See: gcc extend.texi

The typical use of extended asm statements is to manipulate input values to produce output values. However, your asm statements may also produce side effects. If so, you may need to use the volatile qualifier to disable certain optimizations.

GCC’s optimizers sometimes discard asm statements if they determine there
is no need for the output variables. Also, the optimizers may move code out
of loops if they believe that the code will always return the same result
 (i.e. none of its input values change between calls). Using the volatile
 qualifier disables these optimizations. asm statements that have no output
 operands, including asm goto statements, are implicitly volatile.

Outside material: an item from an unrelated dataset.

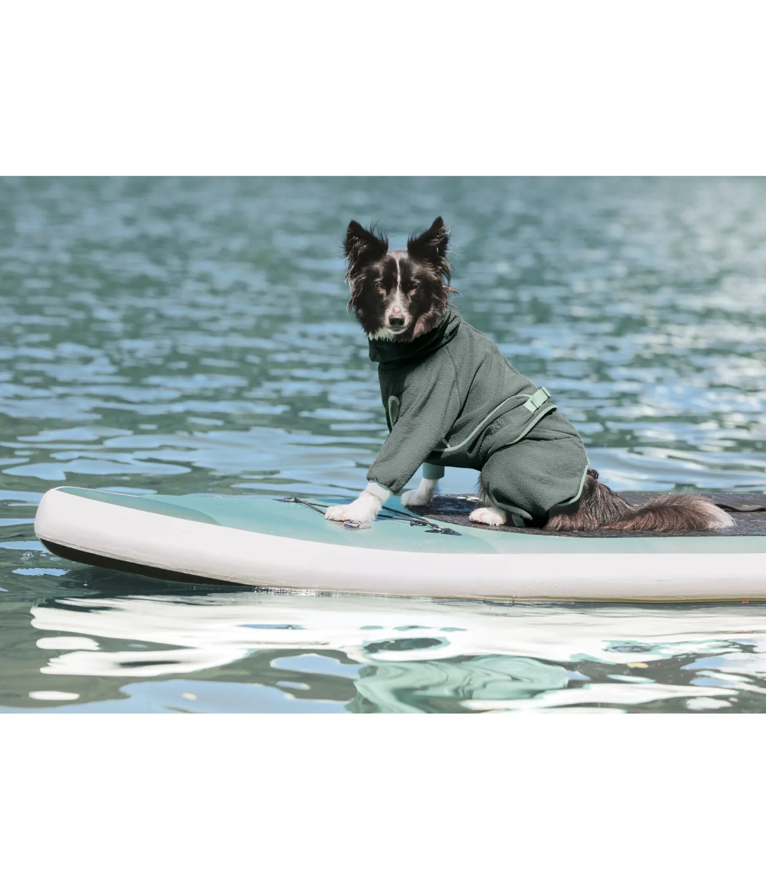 Idéal pour les chiens nageurs ou les jours de pluie : combinaison peignoir pour chien en tissu éponge doux à séchage rapide, absorbant l’humidité. Rabat ventral et col montant pour une protection intégrale. Protège la voiture et la maison de l’humidité et des salissures. Rabat ventral avec fermeture à clip réglable. Fermeture à glissière le long du dos pour faciliter l’enfilage et le retrait. Ouvrir les clips et la fermeture à glissière, laisser le chien passer la tête dans le col puis glisser délicatement ses pattes dans les ouvertures prévues à cet effet. Refermer ensuite la fermeture à glissière et les clips. Régler si besoin la longueur du rabat ventral afin que le peignoir tienne bien en place. 80 % polyester, 20 % nylon.

This i386 code demonstrates a case that does not use (or require) the
volatile qualifier. If it is performing assertion checking, this code
uses asm to perform the validation. Otherwise, dwRes is unreferenced by
any code. As a result, the optimizers can discard the asm statement, which
in turn removes the need for the entire DoCheck routine. By omitting the
volatile qualifier when it isn’t needed you allow the optimizers to produce
the most efficient code possible.

void DoCheck(uint32_t dwSomeValue)
{
   uint32_t dwRes;

   // Assumes dwSomeValue is not zero.
   asm ("bsfl %1,%0"
     : "=r" (dwRes)
     : "r" (dwSomeValue)
     : "cc");

   assert(dwRes > 3);
}
The next example shows a case where the optimizers can recognize that
the input (dwSomeValue) never changes during the execution of the function
and can therefore move the asm outside the loop to produce more efficient
code. Again, using volatile disables this type of optimization.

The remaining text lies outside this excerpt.